Our team serves as the site lead for participation in Pediatric Resuscitation Quality (pediRES-Q), an international collaborative of pediatric hospitals of diverse size, geographic locations, and academic support passionate about pediatric resuscitation. This clinical learning laboratory network aims to discover, measure, analyze, publish, implement, and disseminate improved evidence-based CPR data to inform current and future evidence-based resuscitation guidelines that saves more lives and improves quality of life for children.

Several of our active studies, including the SAMURAI PICU study, are conducted in collaboration with pediRES-Q.

About PediRES-Q

Recovery

While we strive to prevent clinical decompensation, we know that not every pediatric injury, clinical worsening, or cardiac arrest is able to be prevented. In those cases, ensuring that the interprofessional care team provides optimal care to support active recovery is the key focus of our Recovery efforts.

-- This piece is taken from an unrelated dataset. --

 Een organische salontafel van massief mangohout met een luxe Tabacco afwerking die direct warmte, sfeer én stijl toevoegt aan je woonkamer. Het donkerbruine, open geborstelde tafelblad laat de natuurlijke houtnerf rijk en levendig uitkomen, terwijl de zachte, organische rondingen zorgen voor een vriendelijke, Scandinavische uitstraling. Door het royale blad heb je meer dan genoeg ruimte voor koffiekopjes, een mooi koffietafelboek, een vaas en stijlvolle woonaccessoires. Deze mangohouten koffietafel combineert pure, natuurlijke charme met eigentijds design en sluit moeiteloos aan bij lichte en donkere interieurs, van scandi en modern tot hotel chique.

Learning all we can following a resusication event is vital to ensure that we continued to optimize the care we provide. Our team gathers this crucial data through two main vehicles:

  • Hot debriefings occur either immediately or within a few hours after a resuscitation event to capture key issues. Ideally led by an experience facilitator (any discipline), it allows team members involved in the actual resuscitation effort to focus on team performance, identify clinical and systemic errors, and facilitate emotional processing (as determined by team and/or institution).
  • Cold debriefings provide the opportunity to review the resuscitation event after a period of time (typically within a month) when all the information (e.g. defibrillator data, medical record information) are available and share key learnings with the multidisciplinary and interprofessional team. Key sources of information informing our Cold Debriefs include: team interviews, audio-video review, medical record review, and assessment of CPR quality form patient and defibrillator data. Learnings include latent and obvious errors, examples of excellence, clinical care gaps, system issues, and factors related to team performance

The learnings from hot and cold debriefs feed back to inform the interventions across the entire chain of survival and support a focus on continuous growth, improvement, and innovation. The team is actively seeking collaboration to extend our Hot/Cold Debriefing model to additional sites of care.

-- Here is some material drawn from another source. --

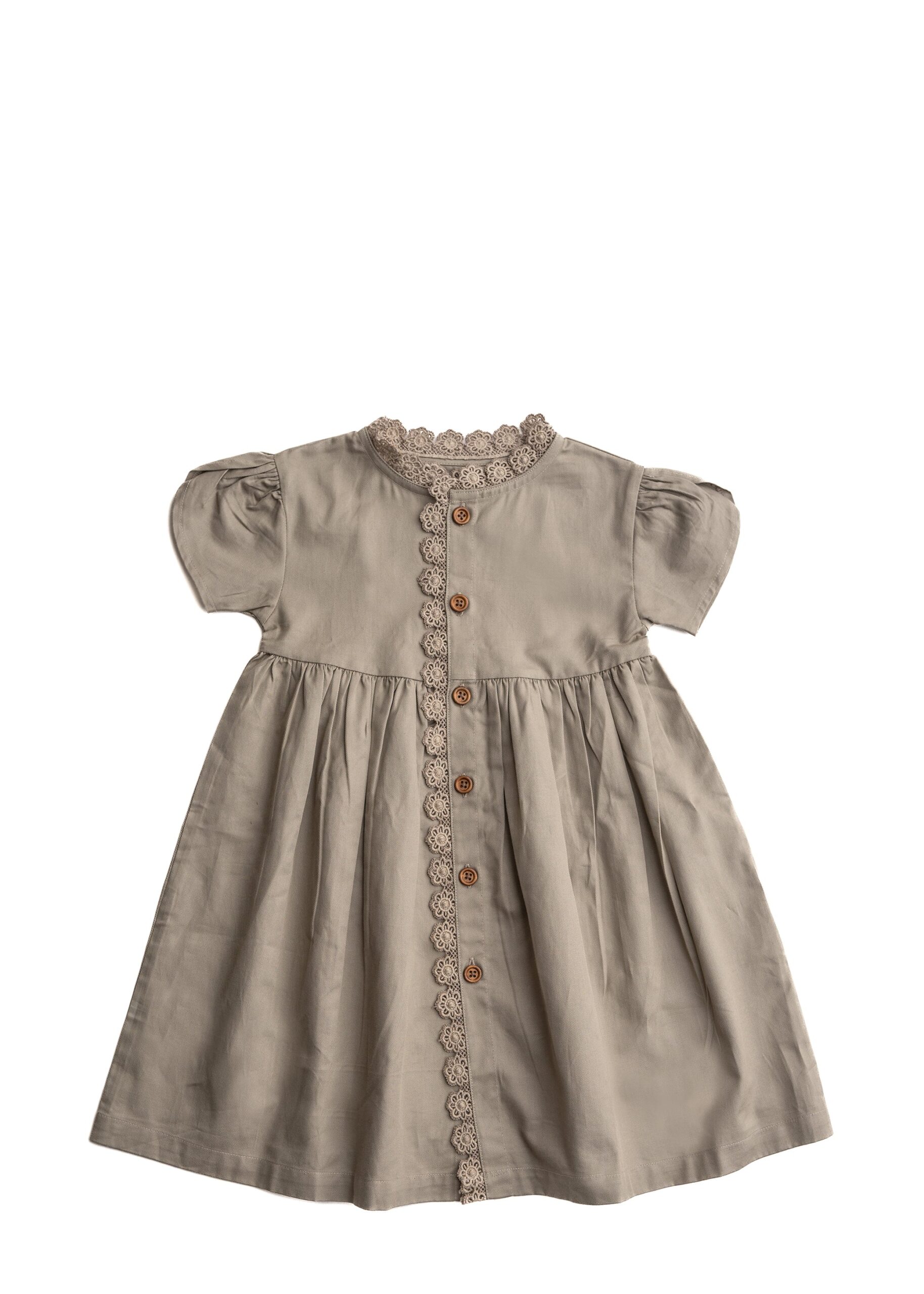 Kortærmet sommerkjole, med knapper på forsiden hele vejen ned hvor der også er monteret en blonde.lavet i en slidstærk, høj kvalitets 100% økologisk bomuld.Vaskemaskine ved 30 grader.Må ikke tørretumblesMå ikke blegeslægges flat ved tørring

Through tracking Post Cardiac Arrest Care for patients in PICU our team takes a data driven approach to developing processes or systems to enhance this crucial care for patients to optimize their clinical outcomes. Our team developed actionable report cards to help inform the clinical team of needed areas for improvement and to highlight successes.

Through tracking adherence to evidence based goals of care for patients in the PICU who have experienced a traumatic brain injury (TBI)  our team takes a data driven approach to developing processes or systems to enhance this crucial care for patients to optimize their clinical outcomes.

Through tracking adherence to evidence based care for patients in PICU who experienced a traumatic brain injury (TBI) our team takes a data driven approch to developing processes or systems to enhance this crucial care for patients to optimize their clinical outcomes. Our team developed actionable report cards to help inform the clinical team of needed areas for improvement and to highlight successes.

Through tracking adherence to institutional and evidence based standards for the care of patients in the PICU on extracorporeal membrane oxygenation (ECMO) our team takes a data driven approach to developing processes or systems to enhance this crucial care for patients to optimize their clinical outcomes. Our team developed actionable report cards to help inform the clinical team of needed areas for improvement and to highlight successes.

Immobility in PICU patients is known to contribute to prolonged mechanical ventilation, potentially prolonged length of stay and increased delirium. Cincinnati Children's has adapted the PICU Up! Program, first created at Johns Hopkins. Currently, efforts include implementing a rounds checklist that is inclusive of early mobility as well as other harm prevention, and introducing PICU Up! level animal signs that designate a mobility goal for each patient each day.